ACTIVITY:
Extract the whole listing as it stands. Do not include the pictures.

INPUT FOR THIS TASK:

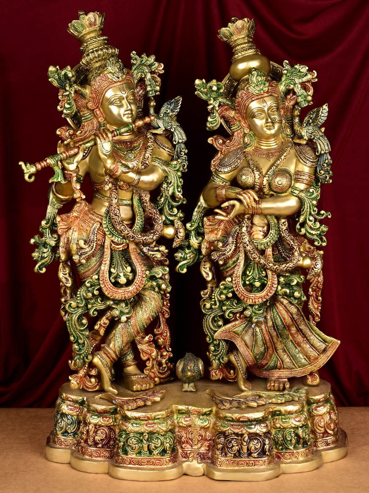 Beside Him stands Radha, His eternal consort and embodiment of pure devotion, with unmatched poise and serenity. Her right hand crosses gracefully over her left, her crown mirroring Krishna’s in regal beauty, and her jewels, anklets, and garment folds are rendered with astonishing lifelike precision. She radiates an aura of elegance and spiritual depth, completing the eternal pairing.
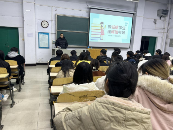 活动中,副院长林云飞强调了诚信考试的重要性,以及学校对考试违纪相关处理规定和学生考试作弊的原因和心理。并对同学们提出了具体要求:一是认真复习,积极备考。要科学规划和合理制定复习计划,及时查缺补漏,积极巩固深化,做好考前准备。二是严守考风考纪,诚信应考。希望同学们将诚信牢记于心、实践于行,严格遵守考试纪律,打消作弊心理,服从监考人员管理,维护考试秩序。
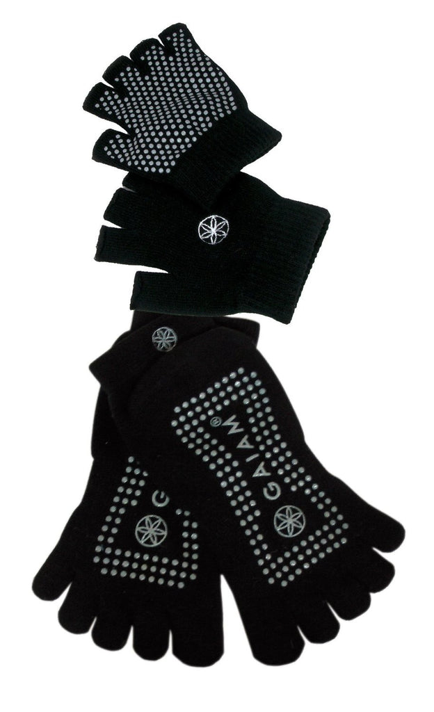 Gaiam Grippy Yoga Sock and Glove Set - Black
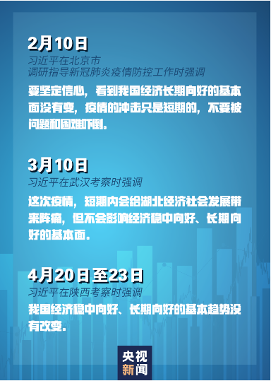 2月23日,习近平在统筹推进新冠肺炎疫情防控和经济社会发展工作部署会议上指出,我国经济长期向好的基本面没有改变,疫情的冲击是短期的、总体上是可控的。![]()
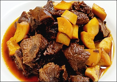 소고기를 구매할 때는 선홍빛이 돌면서 마블링이 너무 과하지 않은 고기를 고르는 것이 좋아요. 너무 기름진 부위는 졸이는 동안 느끼해질 수 있답니다.
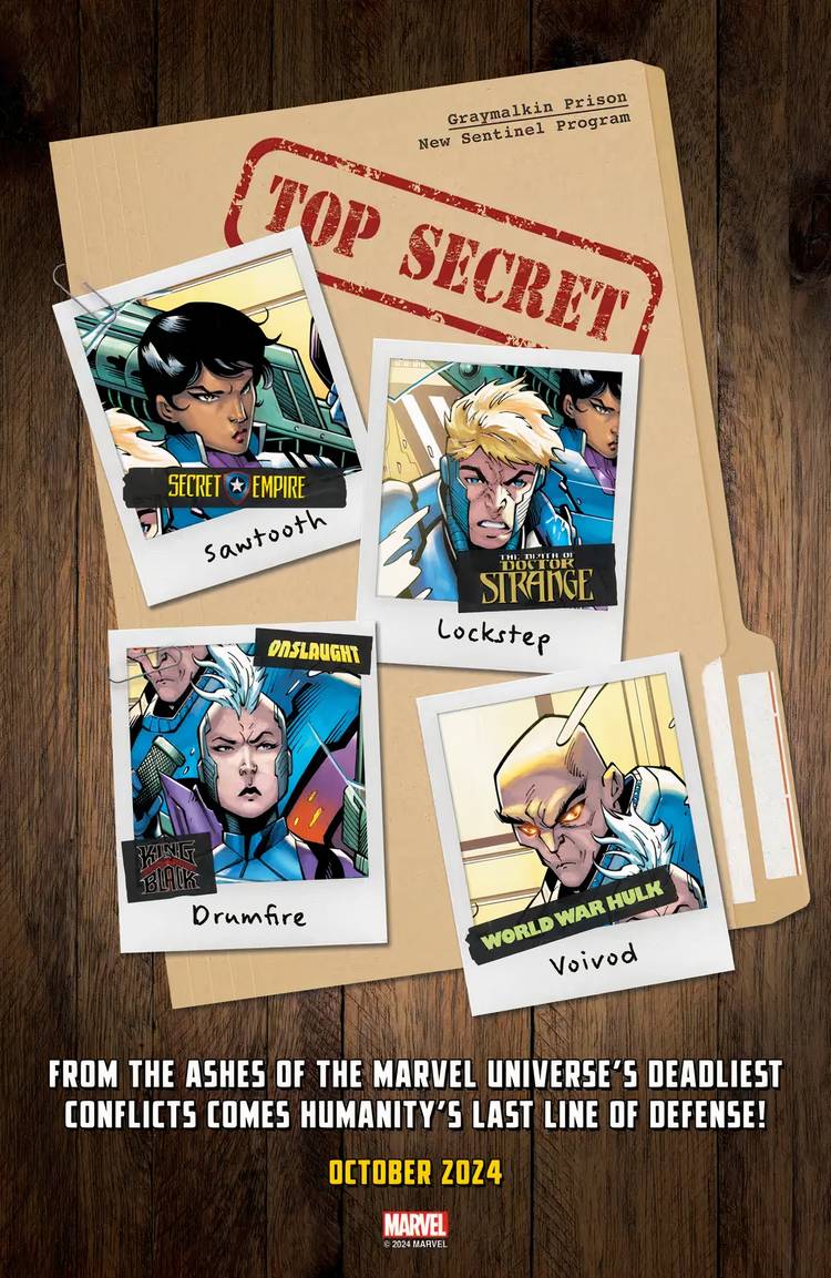 El comunicado de prensa de Marvel para la próxima serie X-Men, cuyo título y equipo creativo se anunciarán pronto, muestra cuatro personajes nuevos para el Universo Marvel. Los nuevos personajes, que podrían ser las formas más nuevas de los híbridos Omega Sentinel humano/máquina, son Drumfire, Lockstep, Sawtooth y Voirody todos están conectados con varias tragedias de Marvel.
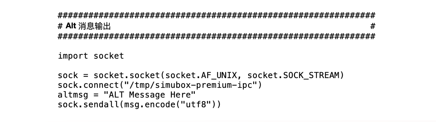 Simubox 提供的 ALT消息输出接口为 Socket,以 Python 程序为例,使用方法为:
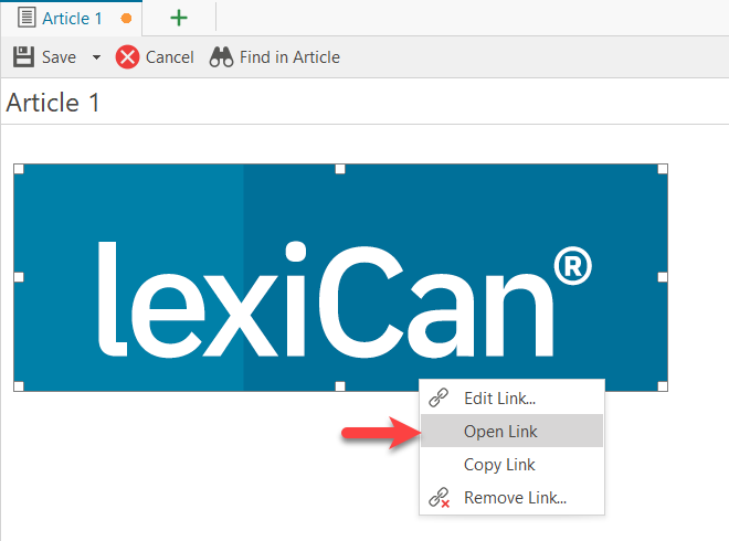 Normally, links can be opened by a simple click with the left mouse button. However, if an article is being edited, this is not possible. Here you must also hold down the CTRL key or use the context menu (right mouse button), e.g.
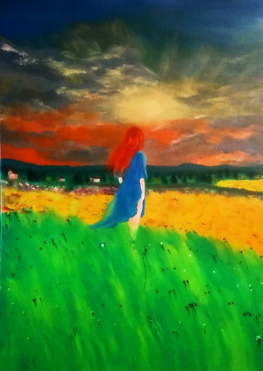 As I'm self-taught, a lot of my paintings' original intentions were to practice different techniques. Anya started as a sunset where I'd follow the light source in rays cast along the grasses. rather than a simple universal light that chooses a direction and gets darker, the farther away you go.
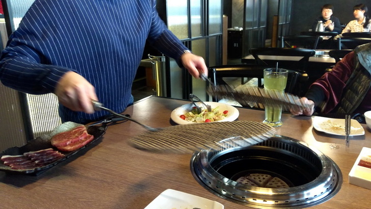 大概是看我烤肉的技術太爛,店家出手幫我們烤肉耶,幫我們烤肉之前先換烤網,其實前面也換過幾次烤網了,我算了一下,本次用餐換了五次烤網,服務很勤快。
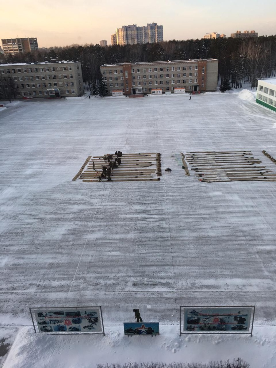 Новосибирское высшее военное командное ордена Жукова училище. Плац. Укладка парашютов курсантами факультета военной разведки. Фотография сделана из окон главного учебного корпуса. А напротив видна наша казарма, (у меня был 1 этаж). Единственная казарма, кстати, где была горячая вода и душ) То, насколько это привилегированно, когда на улице -45, это словами не передать. ... Глядя на плац, о котором ходят легенды о трёхэтажных сугробах и круглосуточной очистке, у обывателя возникнет вопрос, а где же снежные завалы, которыми славится Сибирь? Всё просто: на фото... НОЯБРЬ.
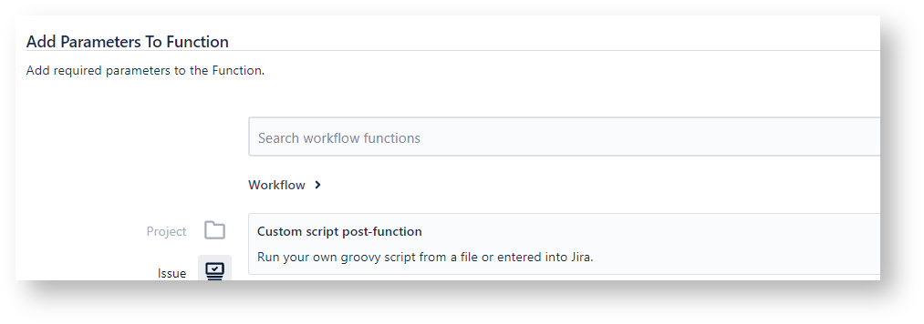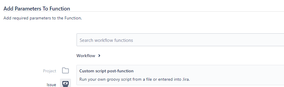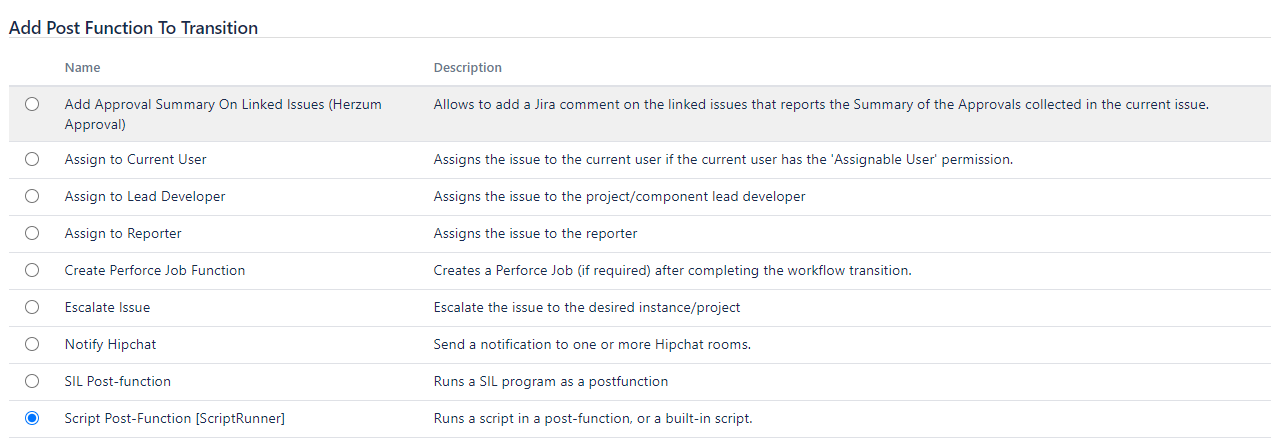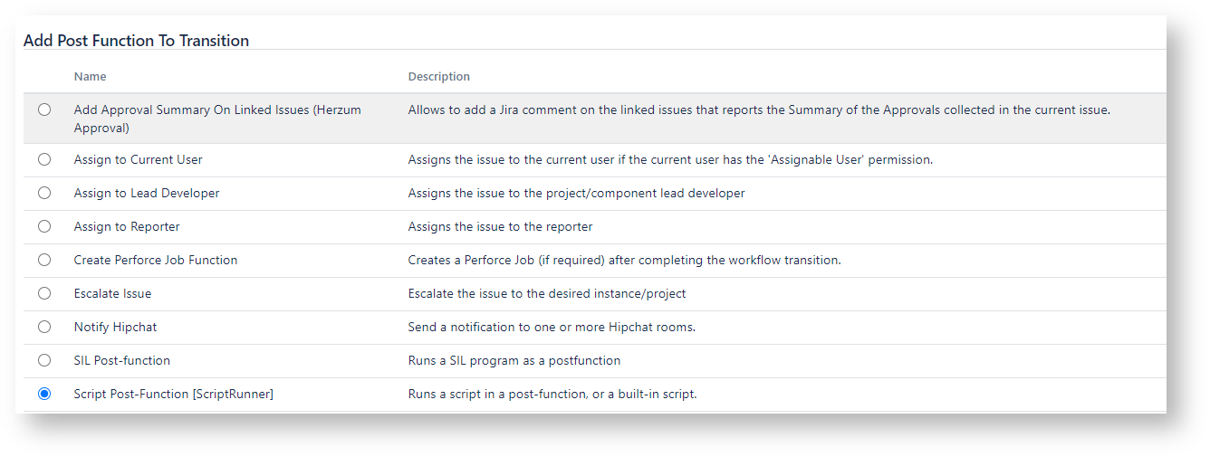 Add a Script Post-Function [ScriptRunner] and select Custom script post-function
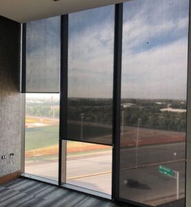 Persiana enrollable ideal para proporcionar cierto porcentaje de luz y privacidad, así como visibilidad al exterior.

COMPLETED EXERCISE:
 Beside Him stands Radha, His eternal consort and embodiment of pure devotion, with unmatched poise and serenity. Her right hand crosses gracefully over her left, her crown mirroring Krishna’s in regal beauty, and her jewels, anklets, and garment folds are rendered with astonishing lifelike precision. She radiates an aura of elegance and spiritual depth, completing the eternal pairing.
 活动中,副院长林云飞强调了诚信考试的重要性,以及学校对考试违纪相关处理规定和学生考试作弊的原因和心理。并对同学们提出了具体要求:一是认真复习,积极备考。要科学规划和合理制定复习计划,及时查缺补漏,积极巩固深化,做好考前准备。二是严守考风考纪,诚信应考。希望同学们将诚信牢记于心、实践于行,严格遵守考试纪律,打消作弊心理,服从监考人员管理,维护考试秩序。
 Gaiam Grippy Yoga Sock and Glove Set - Black
 2月23日,习近平在统筹推进新冠肺炎疫情防控和经济社会发展工作部署会议上指出,我国经济长期向好的基本面没有改变,疫情的冲击是短期的、总体上是可控的。![]()
 소고기를 구매할 때는 선홍빛이 돌면서 마블링이 너무 과하지 않은 고기를 고르는 것이 좋아요. 너무 기름진 부위는 졸이는 동안 느끼해질 수 있답니다.
 El comunicado de prensa de Marvel para la próxima serie X-Men, cuyo título y equipo creativo se anunciarán pronto, muestra cuatro personajes nuevos para el Universo Marvel. Los nuevos personajes, que podrían ser las formas más nuevas de los híbridos Omega Sentinel humano/máquina, son Drumfire, Lockstep, Sawtooth y Voirody todos están conectados con varias tragedias de Marvel.
 Simubox 提供的 ALT消息输出接口为 Socket,以 Python 程序为例,使用方法为:
 Normally, links can be opened by a simple click with the left mouse button. However, if an article is being edited, this is not possible. Here you must also hold down the CTRL key or use the context menu (right mouse button), e.g.
 As I'm self-taught, a lot of my paintings' original intentions were to practice different techniques. Anya started as a sunset where I'd follow the light source in rays cast along the grasses. rather than a simple universal light that chooses a direction and gets darker, the farther away you go.
 大概是看我烤肉的技術太爛,店家出手幫我們烤肉耶,幫我們烤肉之前先換烤網,其實前面也換過幾次烤網了,我算了一下,本次用餐換了五次烤網,服務很勤快。
 Новосибирское высшее военное командное ордена Жукова училище. Плац. Укладка парашютов курсантами факультета военной разведки. Фотография сделана из окон главного учебного корпуса. А напротив видна наша казарма, (у меня был 1 этаж). Единственная казарма, кстати, где была горячая вода и душ) То, насколько это привилегированно, когда на улице -45, это словами не передать. ... Глядя на плац, о котором ходят легенды о трёхэтажных сугробах и круглосуточной очистке, у обывателя возникнет вопрос, а где же снежные завалы, которыми славится Сибирь? Всё просто: на фото... НОЯБРЬ.
 Add a Script Post-Function [ScriptRunner] and select Custom script post-function
 Persiana enrollable ideal para proporcionar cierto porcentaje de luz y privacidad, así como visibilidad al exterior.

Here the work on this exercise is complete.